Arnold Schönberg & Karl Kraus werden 150 – eine Ausstellung in Wien

,

Sprache ist auch Musik

Eine Ausstellung im Wiener Arnold Schönberg Center widmet sich der Beziehung zwischen den beiden Jubilaren Arnold Schönberg und Karl Kraus, die vor 150 Jahren in Wien geboren wurden

Von Robert Jungwirth

(Wien, 20. Januar 2024) „Jemandes Stil zu verwenden, heißt sich zu ihm zu bekennen, sich geradezu seinen Schüler nennen. Ich habe durch Karl Kraus Schreiben, ja fast Denken gelernt.“ Das Bekenntnis von Arnold Schönberg mag erstaunen. Es offenbart jedoch die Bedeutung, die der Sprachkünstler Karl Kraus für den Erneuerer der Musik des frühen 20. Jahrhunderts hatte.
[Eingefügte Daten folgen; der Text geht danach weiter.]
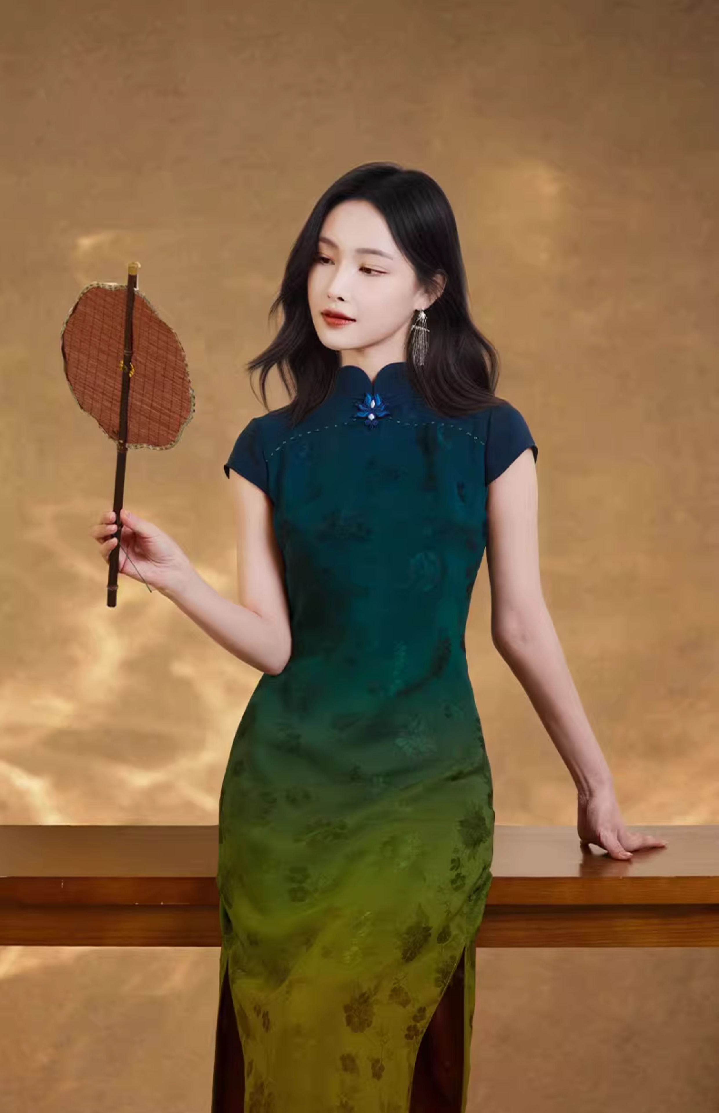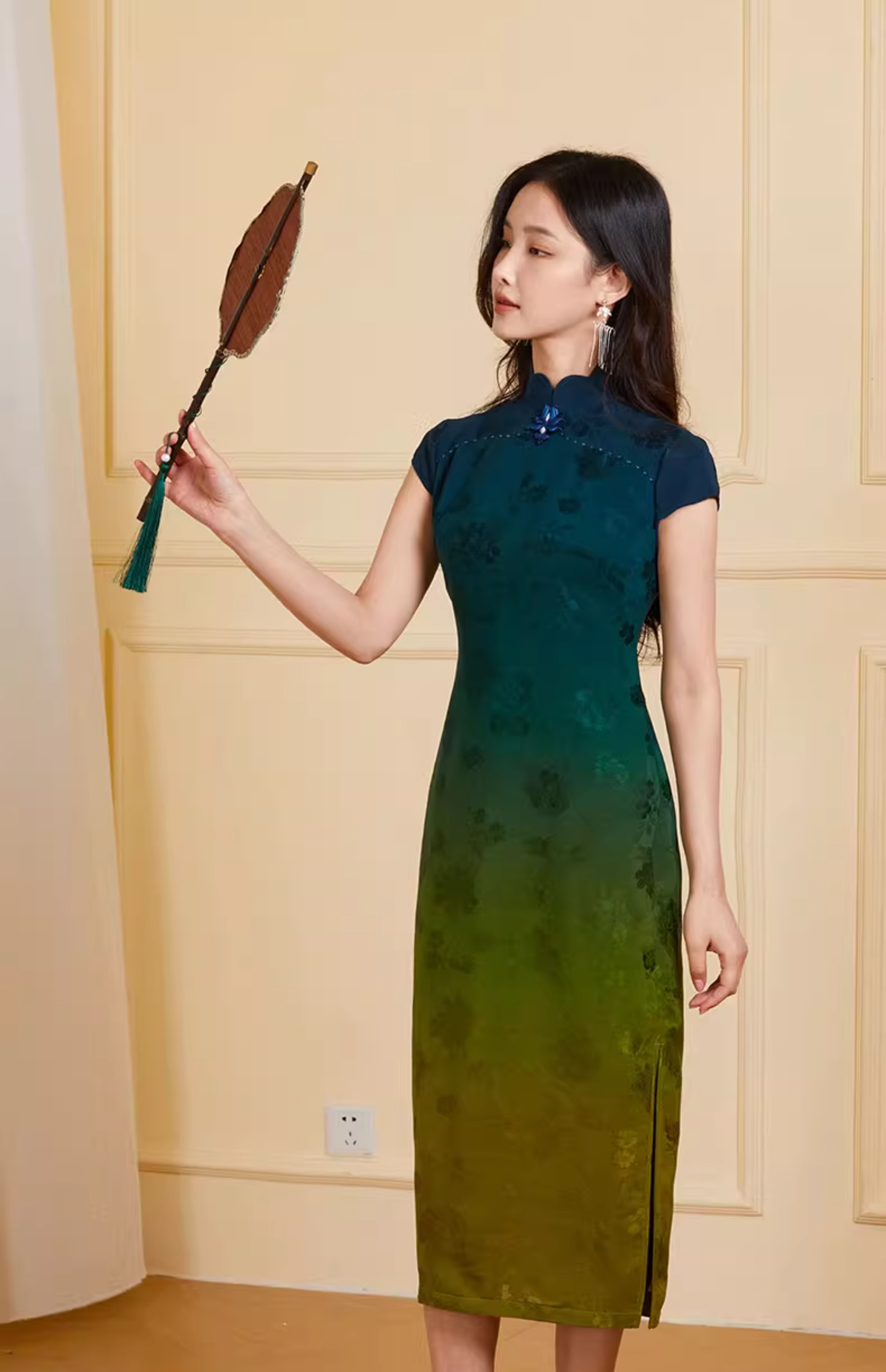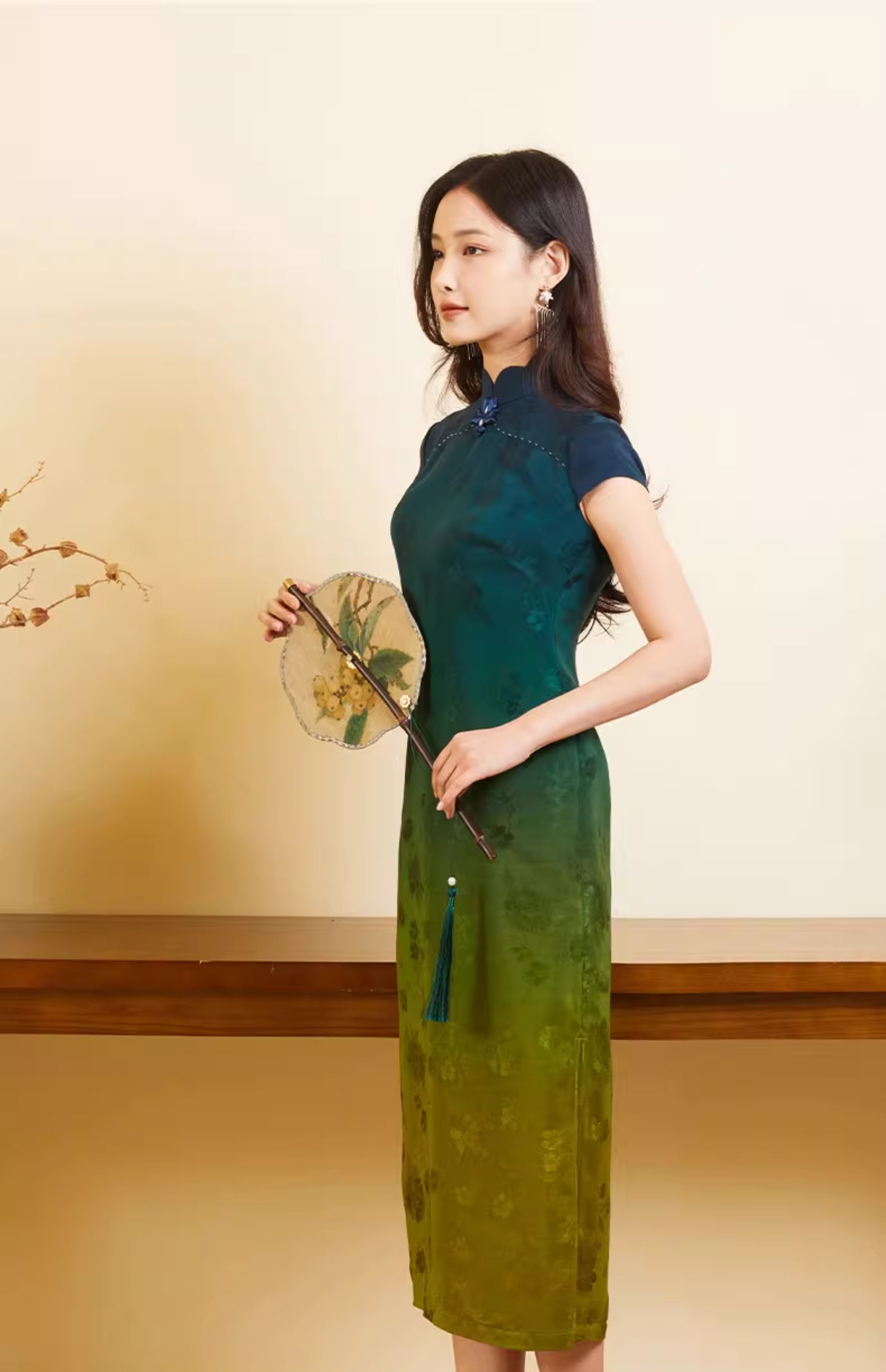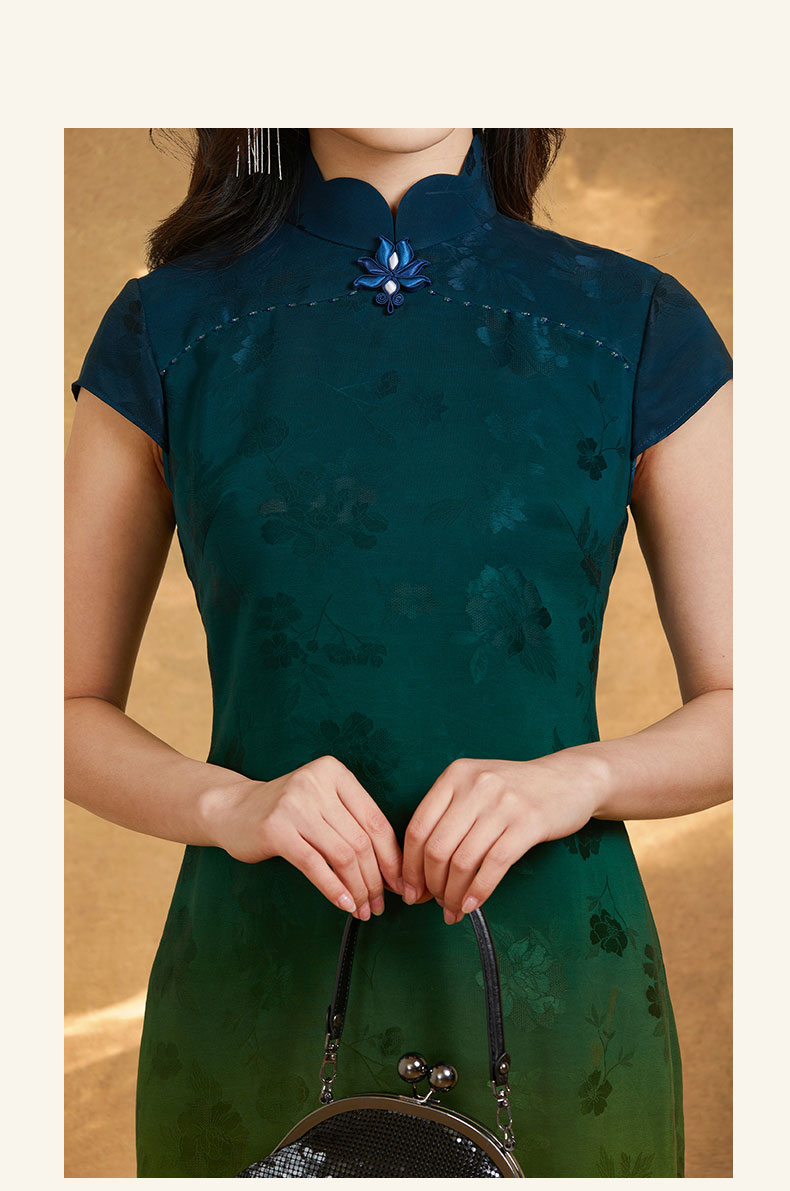 逸红颜青沐2025夏新天然植物吊染渐变青绿花瓣领钉珠红云纱旗袍女

Beide wurden sie 1874 in Wien geboren, wo sie die Aufbruchstimmung in der Kultur ausgehend von der Wiener Sezession hautnah miterlebt und mitprägt haben.

Rund 30 Jahre währte die Künstlerfreundschaft zwischen beiden, die für Schönberg zweifellos bedeutender war als für Kraus. Was vor allem daran lag, dass Kraus sich selbst als unmusikalisch bezeichnet hat und Schönbergs Versuche, den Schriftsteller zu einem Konzertbesuch zu bewegen, stets erfolglos blieben.
Die berühmten Rezitationsabende von Karl Kraus, bei denen er Texte aus seiner Zeitschrift „Die Fackel“ vortrug – oder soll man besser sagen vorsang – waren neben der Klarheit und Prononciertheit der Sprache für Schönberg auch in musikalischer Hinsicht inspirierend.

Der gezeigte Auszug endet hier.